◆ TASK INSTRUCTIONS ◆
I would like you to return all of the records exactly as they stand.
GIVEN INFORMATION section start
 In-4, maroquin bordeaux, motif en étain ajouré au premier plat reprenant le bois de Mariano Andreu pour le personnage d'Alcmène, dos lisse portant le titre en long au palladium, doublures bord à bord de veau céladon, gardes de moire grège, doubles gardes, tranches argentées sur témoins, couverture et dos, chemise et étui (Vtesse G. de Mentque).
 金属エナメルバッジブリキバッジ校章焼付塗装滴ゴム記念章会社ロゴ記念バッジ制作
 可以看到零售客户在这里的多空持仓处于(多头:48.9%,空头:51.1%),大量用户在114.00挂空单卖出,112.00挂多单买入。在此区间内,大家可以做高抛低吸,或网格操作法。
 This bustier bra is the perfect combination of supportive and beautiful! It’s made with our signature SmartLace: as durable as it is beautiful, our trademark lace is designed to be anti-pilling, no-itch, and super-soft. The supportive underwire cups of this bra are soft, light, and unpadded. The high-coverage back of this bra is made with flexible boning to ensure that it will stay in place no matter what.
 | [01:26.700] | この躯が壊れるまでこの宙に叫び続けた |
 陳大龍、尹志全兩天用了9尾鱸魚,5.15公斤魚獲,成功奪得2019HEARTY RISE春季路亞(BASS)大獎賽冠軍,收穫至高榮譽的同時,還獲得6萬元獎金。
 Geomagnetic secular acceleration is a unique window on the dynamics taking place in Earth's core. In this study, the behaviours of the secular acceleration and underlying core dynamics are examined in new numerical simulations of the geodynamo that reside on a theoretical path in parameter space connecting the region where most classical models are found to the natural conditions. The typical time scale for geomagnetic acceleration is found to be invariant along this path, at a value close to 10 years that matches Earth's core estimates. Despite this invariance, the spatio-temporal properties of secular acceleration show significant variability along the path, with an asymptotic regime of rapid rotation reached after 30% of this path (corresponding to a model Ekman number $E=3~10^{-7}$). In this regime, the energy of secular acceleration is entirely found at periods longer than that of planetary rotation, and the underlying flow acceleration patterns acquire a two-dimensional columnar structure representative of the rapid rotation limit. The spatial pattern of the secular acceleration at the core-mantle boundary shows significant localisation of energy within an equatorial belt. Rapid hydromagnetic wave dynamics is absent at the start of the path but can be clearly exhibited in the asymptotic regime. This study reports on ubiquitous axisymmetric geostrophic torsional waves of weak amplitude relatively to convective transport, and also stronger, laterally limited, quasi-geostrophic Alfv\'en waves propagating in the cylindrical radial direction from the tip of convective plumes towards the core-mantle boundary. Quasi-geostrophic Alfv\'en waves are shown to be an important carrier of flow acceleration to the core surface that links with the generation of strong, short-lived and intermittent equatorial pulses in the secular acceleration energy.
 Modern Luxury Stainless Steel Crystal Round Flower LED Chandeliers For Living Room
GIVEN INFORMATION section end
◆ OUTPUT FOR THIS EXERCISE ◆
 In-4, maroquin bordeaux, motif en étain ajouré au premier plat reprenant le bois de Mariano Andreu pour le personnage d'Alcmène, dos lisse portant le titre en long au palladium, doublures bord à bord de veau céladon, gardes de moire grège, doubles gardes, tranches argentées sur témoins, couverture et dos, chemise et étui (Vtesse G. de Mentque).
 金属エナメルバッジブリキバッジ校章焼付塗装滴ゴム記念章会社ロゴ記念バッジ制作
 可以看到零售客户在这里的多空持仓处于(多头:48.9%,空头:51.1%),大量用户在114.00挂空单卖出,112.00挂多单买入。在此区间内,大家可以做高抛低吸,或网格操作法。
 This bustier bra is the perfect combination of supportive and beautiful! It’s made with our signature SmartLace: as durable as it is beautiful, our trademark lace is designed to be anti-pilling, no-itch, and super-soft. The supportive underwire cups of this bra are soft, light, and unpadded. The high-coverage back of this bra is made with flexible boning to ensure that it will stay in place no matter what.
 | [01:26.700] | この躯が壊れるまでこの宙に叫び続けた |
 陳大龍、尹志全兩天用了9尾鱸魚,5.15公斤魚獲,成功奪得2019HEARTY RISE春季路亞(BASS)大獎賽冠軍,收穫至高榮譽的同時,還獲得6萬元獎金。
 Geomagnetic secular acceleration is a unique window on the dynamics taking place in Earth's core. In this study, the behaviours of the secular acceleration and underlying core dynamics are examined in new numerical simulations of the geodynamo that reside on a theoretical path in parameter space connecting the region where most classical models are found to the natural conditions. The typical time scale for geomagnetic acceleration is found to be invariant along this path, at a value close to 10 years that matches Earth's core estimates. Despite this invariance, the spatio-temporal properties of secular acceleration show significant variability along the path, with an asymptotic regime of rapid rotation reached after 30% of this path (corresponding to a model Ekman number $E=3~10^{-7}$). In this regime, the energy of secular acceleration is entirely found at periods longer than that of planetary rotation, and the underlying flow acceleration patterns acquire a two-dimensional columnar structure representative of the rapid rotation limit. The spatial pattern of the secular acceleration at the core-mantle boundary shows significant localisation of energy within an equatorial belt. Rapid hydromagnetic wave dynamics is absent at the start of the path but can be clearly exhibited in the asymptotic regime. This study reports on ubiquitous axisymmetric geostrophic torsional waves of weak amplitude relatively to convective transport, and also stronger, laterally limited, quasi-geostrophic Alfv\'en waves propagating in the cylindrical radial direction from the tip of convective plumes towards the core-mantle boundary. Quasi-geostrophic Alfv\'en waves are shown to be an important carrier of flow acceleration to the core surface that links with the generation of strong, short-lived and intermittent equatorial pulses in the secular acceleration energy.
 Modern Luxury Stainless Steel Crystal Round Flower LED Chandeliers For Living Room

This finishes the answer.